Я протянул ему руку. Он хотел поцеловать ее.
– Не надо, не надо, Пьетро! – сказал я. – Да, можно подумать, что я забыл старых друзей, но нет!
– Нет! И бабушка то же говорила! – подхватил он. – Мадонна! Как бы она обрадовалась, увидя вас!
– А где же она? – спросил я.
– Ах! – вздохнул он. – Она уже полгода как лежит в сырой земле! Она умерла в то время, как вы, Eccellenza, были в Тиволи. Она хворала всего несколько дней, но все время не переставала говорить о своем милом Антонио! Простите, Eccellenza, что я называю вас так! Она так любила вас! «Ах, удалось бы мне еще разочек взглянуть на него перед смертью!» – говорила она и так тосковала о вас. Видя, что ей не пережить ночи, я побежал после обеда в Рим. Я знал, что вы не рассердитесь на меня за мою просьбу прийти к умирающей. Но в Риме я узнал, что вы с господами уехали в Тиволи. Печально побрел я домой и, вернувшись, нашел ее уж заснувшей навеки. – Тут Пьетро закрыл глаза руками и заплакал. Каждое его слово камнем ложилось мне на сердце. Доменика думала обо мне даже на смертном одре, а мои мысли блуждали в это время далеко, далеко от нее! Хоть бы я, по крайней мере, простился с ней перед отъездом в Тиволи! Нет, недобрый я был человек! Я отдал Пьетро деньги, посланные Фламинией, и все, что было в моем собственном кошельке. Он упал передо мною на колени и назвал меня своим ангелом-благодетелем. Это название отозвалось в моем сердце горькой насмешкой. В еще более грустном настроении, нравственно уничтоженный и разбитый, оставил я Кампанью и сам не помню, как добрался домой.
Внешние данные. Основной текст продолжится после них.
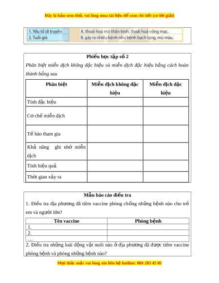 Đây là bản xem th , vu ử i lòng mua tài li u ệ đ xe ể m chi ti t (c ế ó l i ờ gi i ả ) Phi u h ế c t ọ p s ậ 2 ố Phân bi t ệ mi n ễ d ch ị không đ c ặ hi u ệ và mi n ễ d ch ị đ c ặ hi u ệ b ng ằ cách hoàn thành b ng ả sau Phân bi t ệ Mi n d ễ ch không đ ị c ặ Mi n d ễ ch đ ị c ặ hi u ệ hi u ệ Tính đ c ặ hi u ệ C ch ơ ế mi n d ễ ch ị T bào ế tham gia Khả năng ghi nhớ mi n ễ dịch Tính hi u qu ệ ả Th i ờ gian x y r ả a Mẫu báo cáo đi u t ề ra 1. Đi u ề tra đ a ị phư ng

Три дня пролежал я без сознания в жесточайшем жару. Бог знает, что я говорил в бреду, но Фабиани стал часто навещать меня, а в сиделки ко мне приставили глухую Фенеллу. Никогда при мне не упоминали о Фламинии. Больным вернулся я из Кампаньи и сейчас же слег в постель. Выздоровление шло медленно. Напрасно старался я вернуть себе утраченные бодрость и веселость. Прошло уже почти шесть недель с того времени, как Фламинию постригли, и тогда только доктор позволил мне выходить. Сам не знаю, как я очутился у ворот Пия и устремил взор вниз на Кватро-Фонтане, но пройти мимо монастыря не решался. Спустя несколько дней меня опять потянуло туда. Это было вечером, в новолуние; я увидел серые стены и огороженные решеткой окна монастыря – могилы Фламинии. Отчего ж бы мне и не посетить ее могилу? – сказал я самому себе и нашел в этой мысли оправдание себе. Каждый вечер проходил я мимо монастыря, говоря случайно встречавшимся мне по дороге знакомым, что я люблю прогуливаться в виллу Альбани. «Бог знает, чем это кончится! – вздыхал я внутренне. – Но долго мне не выдержать!» Раз в один темный вечер я опять стоял возле монастыря; из окна одной кельи мерцал луч света; я прислонился к углу соседнего дома и, не сводя глаз с этого светлого луча, думал о Фламинии.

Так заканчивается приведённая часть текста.